Hi my name is AJ and I am 20 years old looking for a carreer in the culinary field. Any tips or suggestions on what I should do first?


----------



## thetincook (Jun 14, 2002)

1) Start applying for jobs in food service. Dishwasher and prep cook are good. Highest you could probably expect is pantry cook. Do not be snobbish at places to work. Even working the fryer at McDonald's will give you good perspective.

2) Get good shoes. You will be on your feet a long long time. Find a good supportive pair, then get a pair of non skid overshoes from Shoes for Crews. Good footing will keep you from hurting yourself.

3) Invest in a basic knife kit. Lots of threads on it.

4) Educate yourself. This includes hanging out here, as well as investing in professional quality cookbooks and studying them.

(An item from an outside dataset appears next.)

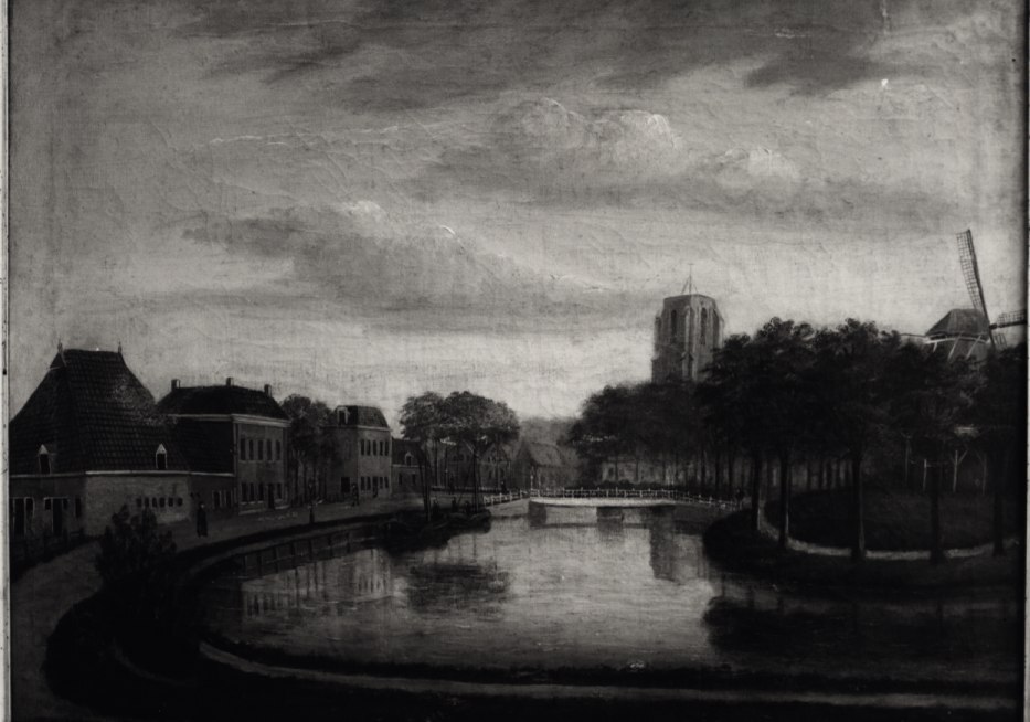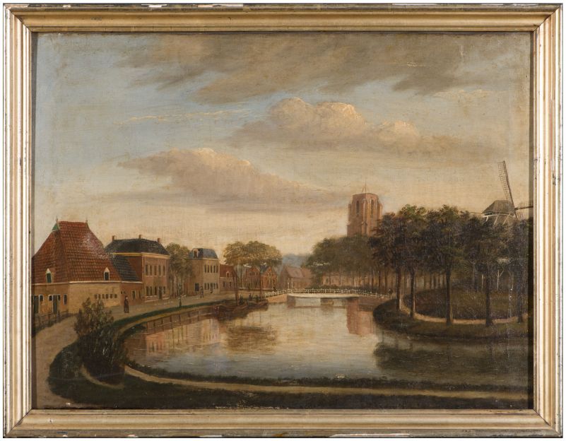 Gezicht op de Vrouwepoortsbrug met op achtergrond de Oldehove

5) Improve your fundamental work habits. These include but are not limited to speed, organization, cleanliness, knife skills, and communication. These skills are universally needed in every level of food service.


----------



## mezzaluna (Aug 29, 2000)

Welcome to Chef Talk, AJ. TheTinCook gave you some great tips. I'm going to move this thread to a better forum, as there's less traffic of established members here in the Welcome Forum. We hope you'll return there to tell us a bit about how you got started, who inspired you, etc.

Further, I advise you to use the search tool here to see what numerous culinary questors before you have asked, and what advice was given. I'm sure you'll fine useful suggestions there.

Good luck!

Mezzaluna


----------



## monroeweiss (Jun 9, 2011)

Get experience in the real world.

You will most likely start in the dishroom-so what-Every manager, cook,aspiring chef etc better know how to wash dishes-and be good at it.  Restaurant operation revolves around the dishroom.

It is mighty hard to serve dishes in the middle of rush without clean dishes coming out of the dishroom.  The dishwasher touches every single plate,glass and piece of flatware in the restaurant.

Their skill at getting Clean-Good looking result without breakage or throwing stuff in the trash directly Impact's the Bottom line of the Restaurant.

Excell and take pride in what you do-have a "can do" attitude-Management already will have enough

problems motivating/redirecting underperformer's-be part of the solution, not part of the problem

This will you noticed (postively noticed) and you will get opportunities to move to different postions in the operation.


----------



## chefhans (Jun 27, 2011)

AJ, as a certified Chef, I completely agree with the 2 comments below. Get into the kitchen! Get Cooking ! Learn from the Chefs and then you can apply your ideas down the road. Chef Hans


----------



## eato (Jul 2, 2011)

Hi A.J. my name is Eato. I've been in the bizz 23 years and taught at two schools. Get a job in a scratch kitchen and work it for a year. you will know if this is the business for you. It will also make school easier.


----------



## rgm2 (May 28, 2011)

Hahaha jobs in scratch kitchens are much harder to come by than some might think. The restaurant business like scotch... You either love it or hate it, VERY few aren't in one of those two camps. Get the best job you can get until you can get a better one. Watch craigslist and if you see something that fits what you see yourself doing try out for it. If you get the job GIVE YOUR TWO WEEKS NOTICE. You new boss will have more respect for you(though they may not like it) and you will not be burning a bridge you might need to cross later in your career.


----------